Dec. 3--Three environmental groups have filed a federal lawsuit intended to publicly release information about coal ash basins owned by Duke Energy and several other utilities.

In June, the Environmental Protection Agency identified 44 of the basins, which hold ash mixed with water, as "high hazard." Ten of those are Duke's. The designation doesn't mean the basins are likely to fail, but might kill people if they collapsed.

EPA had sought information on the basins after a massive spill of coal-ash sludge by the Tennessee Valley Authority a year ago. Coal ash holds potentially toxic material.

Duke said it submitted the information to EPA, but asked the agency to keep private the size and other physical aspects of its ash basins. That information could help competitors glean insights into Duke's operations, the company says.

Duke spokesman Andy Thompson said regulators have enough information to judge the basins' safety.

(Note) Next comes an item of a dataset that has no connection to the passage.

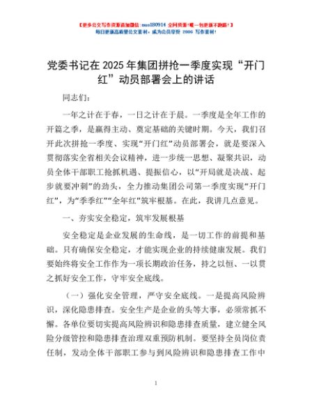 / 党委书记在2025年集团拼抢一季度实现“开门红”动员部署会上的讲话

"We believe the regulatory bodies are best suited to ensure that utilities are operating their facilities in compliance with state and federal regulations," he said.

The Sierra Club, the public interest law firm Earthjustice and the Environmental Integrity Project sued the EPA in federal court in San Francisco on Tuesday to force the EPA to release the information. The groups say the public deserves to know more about structures that could fail.

"Most utilities have already provided EPA with exactly the same data that Duke, First Energy and the Southern Company subsidiaries are trying to keep the public from seeing," said Eric Schaeffer of the Environmental Integrity Project.

Among the basins on the EPA's high-hazard list are those at Duke's Allen and Riverbend power plants on the Catawba River in Gaston County, and the Marshall plant on Lake Norman in Catawba County.